[ASSIGNMENT] Nothing but the lines from the one containing "Эта уникальная ручка-кнопка" to the final line of the entries should appear, copied exactly and without pictures.

[EXTRACTED MATERIAL]
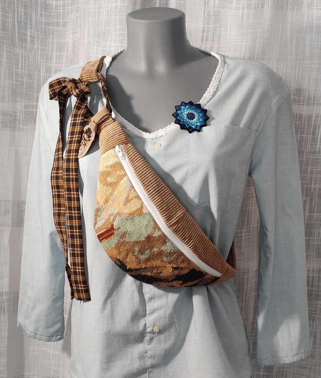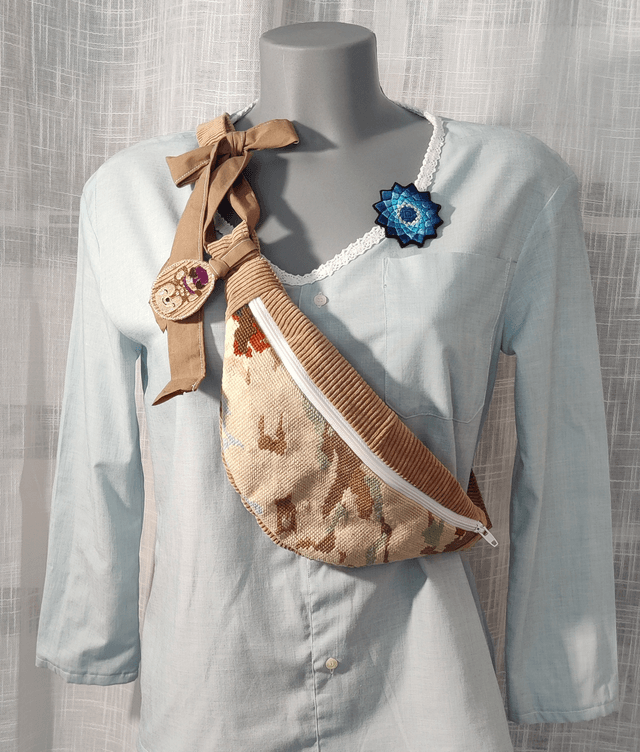 Ces sacs bananes uniques sont cousus à partir d’une jupe en velours (dont la poche se glisse au dos pour accueillir mouchoirs ou trésors), d’un canevas chiné pour le devant, et d’une chemise douce en doublure intérieure ♻️🧵
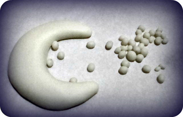 Las he hecho con Fimo , y cuando se apaga la luz alumbran en la oscuridad como si fuesen estrellas de verdad.
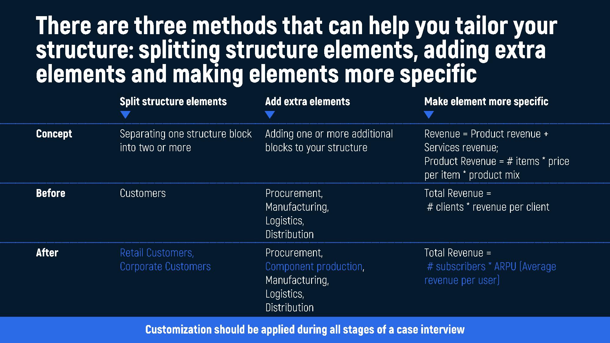 Even the best-known case interview frameworks are only starting points. To truly impress interviewers, you must show that you can adapt and refine them based on the situation. There are three powerful methods for doing this: splitting, adding, and specifying.
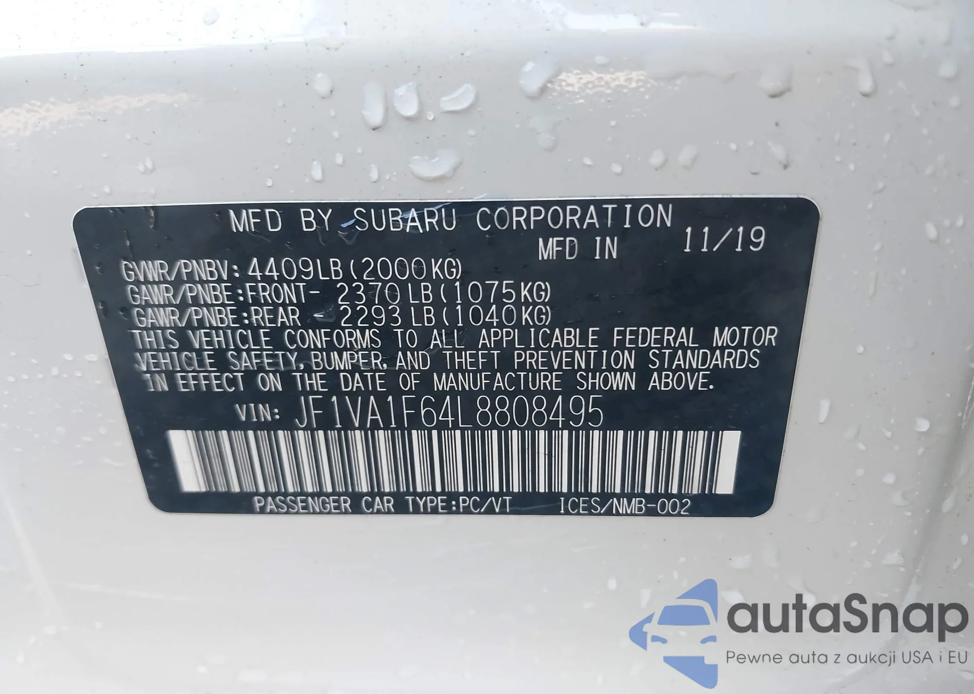 LOT: 43163324 VIN: JF1VA1F64L8808495
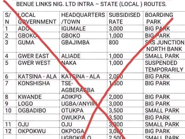 Benue Links Nigeria Limited has officially distanced itself from a widely circulated transport fare reduction list currently making the rounds on social media, labelling it completely fake and unauthorized. In a statement released on Friday, 5th December 2025, the management...
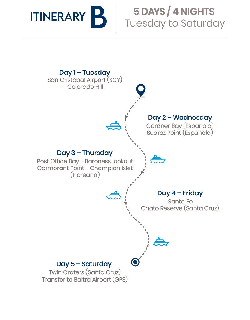 Our classic 4-night route to the southeast Galapagos Islands anchors at the most paradisiacal bays and lovely beaches. Some of these oldest islands are true crown jewels where you can become an eye-witness of evolution. Several (sub) species have had enough time to transform into emblematic figureheads, which differ from island to island. Moreover, the open water passages take 4-6 hours instead of long overnight navigations; our stable catamaran mostly floats at sheltered anchorages, which helps you get a restful sleep.
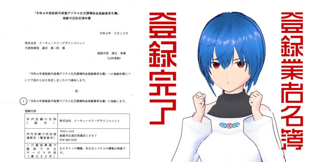 姫路市産業デジタル化支援補助金登録業者名簿に登録完了なのです。
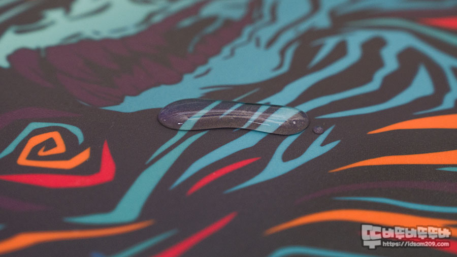 패드에 물을 떨어뜨려보면 동그랗게 물이 뭉쳐있는 것을 확인할 수 있는데 대부분의 발수 기능은 마우스를 오랫동안 사용하다 보면 어느 시점에 살아지게 되니 참고하시기 바랍니다.
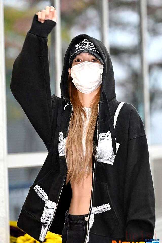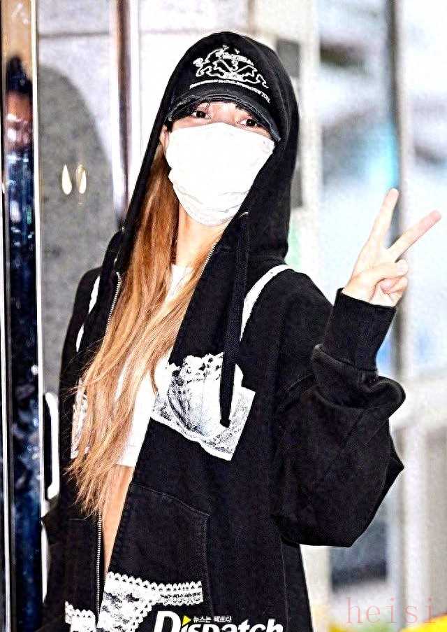 10月31号清早,仁川机场,她戴着黑口罩,帽子压很低,走路带风。
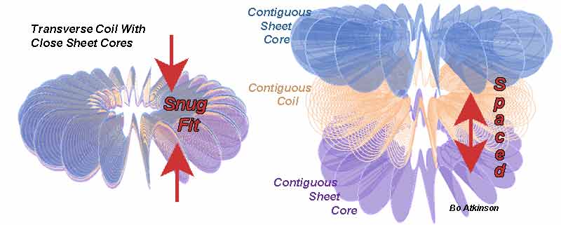 (Later Addition RE: Sheathed Cores) The next picture below illustrates use of sheet like cores. Transverse radial cores and coils, might be prototyped by use of magnetic-core-coatings. (in that sheets are difficult to shape with needed precision). The sheet material has been rendered (imaged), semi transparently, to improve the visualization. The spacing or separating of the cores, (in image below), only emphasizes two polarized cores and one,contiguous, matching, coil configuration.
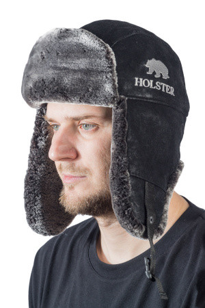 Шапка ушанка зимняя Авиатор, кож. зам черныйй Хольстер
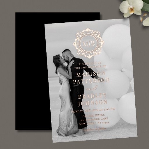 Ornate Floral Monogram Wedding Menu Foil Invitation
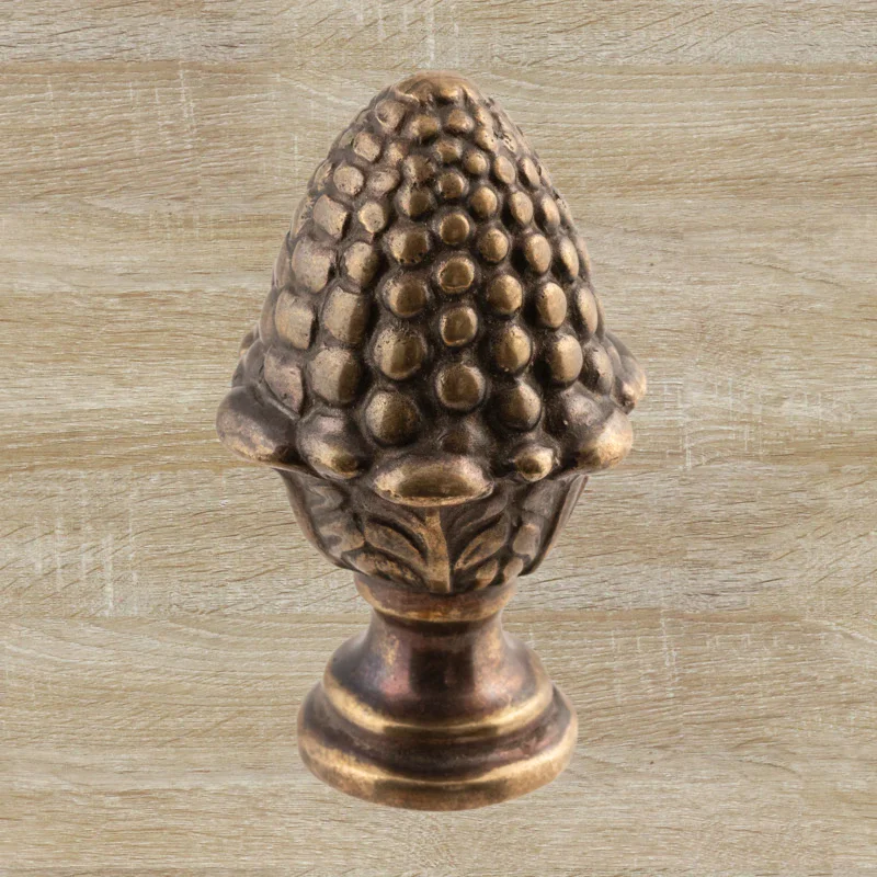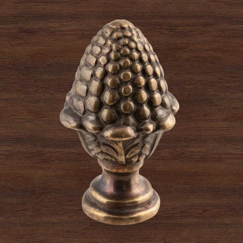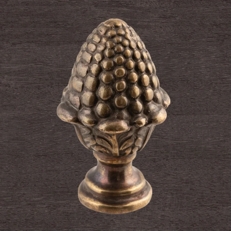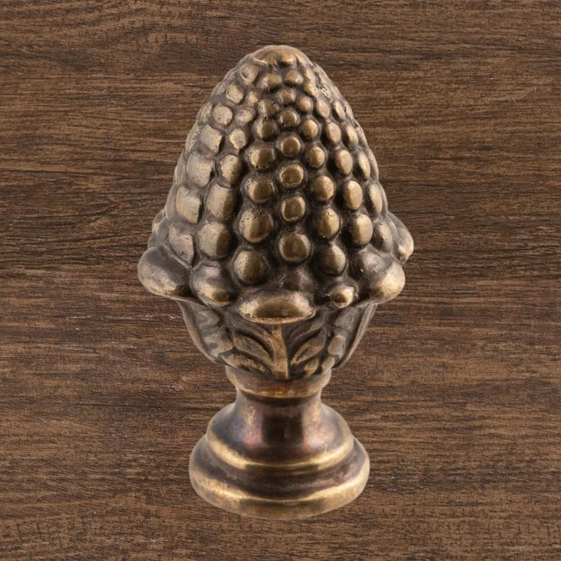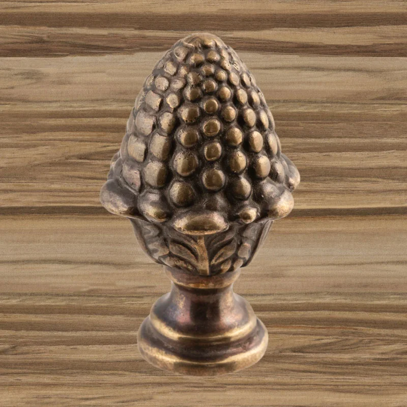 Эта уникальная ручка-кнопка выполнена в виде шишки сосны пинии. Фурнитура из латуни предназначена для монтажа на мебель. Стильный декор гармонично сочетается как с современным, так и с винтажным интерьером. Такую ручку-кнопку удобно захватывать рукой. Кроме того, изделие отличается устойчивостью к появлению ржавчины, прочностью и долговечностью.
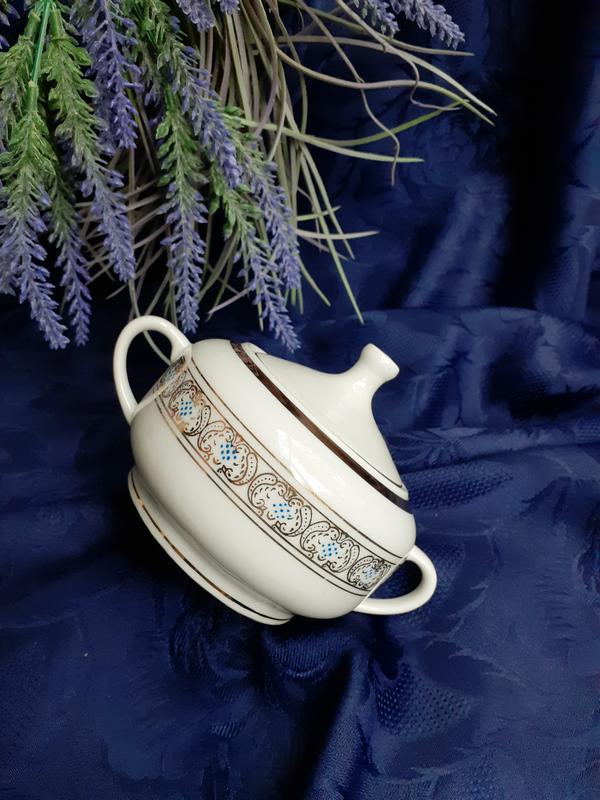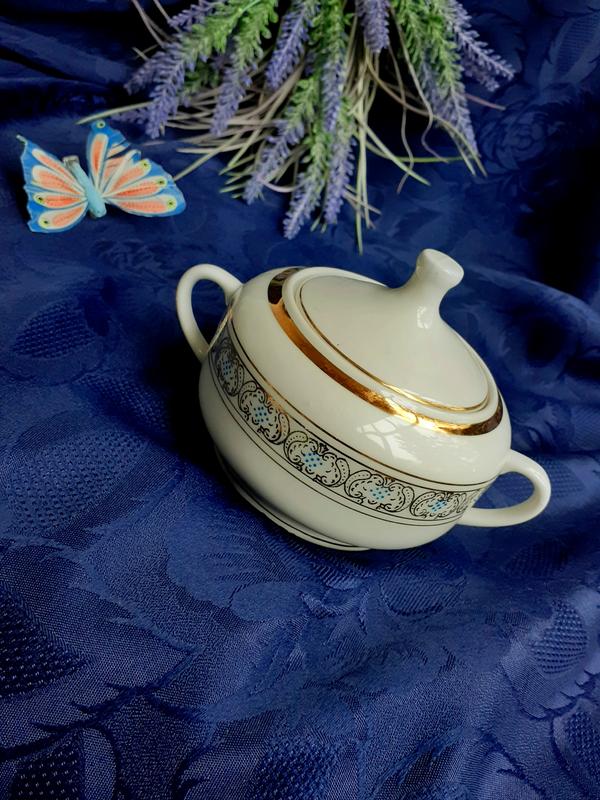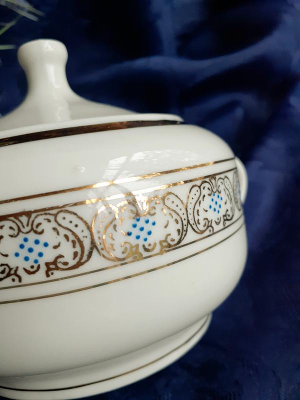 Вашему вниманию редкая сахарница из чайного сервиза, производства Довбышского фарфорового завода, основанного в 1823 году в Житомирской области, где были обнаружены крупнейшие в Украине месторождения каолиновой глины. Довбышский завод всегда отличался тонким акцентом деталей, равномерным прозрачным красочным слоем, изящной формой, что позволяет отличить работы от подделок!
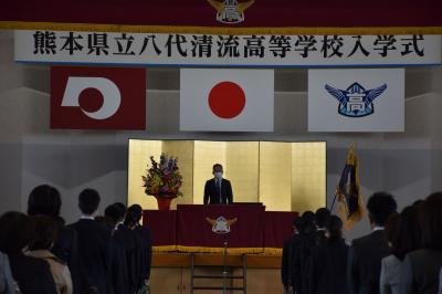 4月8日(木)午後、本校体育館において第10回入学式が行われました。各クラスの担任先導のもと、真新しい制服に身を包んだ新入生が入場しました。新入生は担任からの呼名に元気よく返事をし、清々しさとエネルギーを感じることができました。飯田校長による入学許可により、第10期生となる135名の新入生が八代清流高校の一員となりました。

[ANSWER SPACE]
 Эта уникальная ручка-кнопка выполнена в виде шишки сосны пинии. Фурнитура из латуни предназначена для монтажа на мебель. Стильный декор гармонично сочетается как с современным, так и с винтажным интерьером. Такую ручку-кнопку удобно захватывать рукой. Кроме того, изделие отличается устойчивостью к появлению ржавчины, прочностью и долговечностью.
 Вашему вниманию редкая сахарница из чайного сервиза, производства Довбышского фарфорового завода, основанного в 1823 году в Житомирской области, где были обнаружены крупнейшие в Украине месторождения каолиновой глины. Довбышский завод всегда отличался тонким акцентом деталей, равномерным прозрачным красочным слоем, изящной формой, что позволяет отличить работы от подделок!
 4月8日(木)午後、本校体育館において第10回入学式が行われました。各クラスの担任先導のもと、真新しい制服に身を包んだ新入生が入場しました。新入生は担任からの呼名に元気よく返事をし、清々しさとエネルギーを感じることができました。飯田校長による入学許可により、第10期生となる135名の新入生が八代清流高校の一員となりました。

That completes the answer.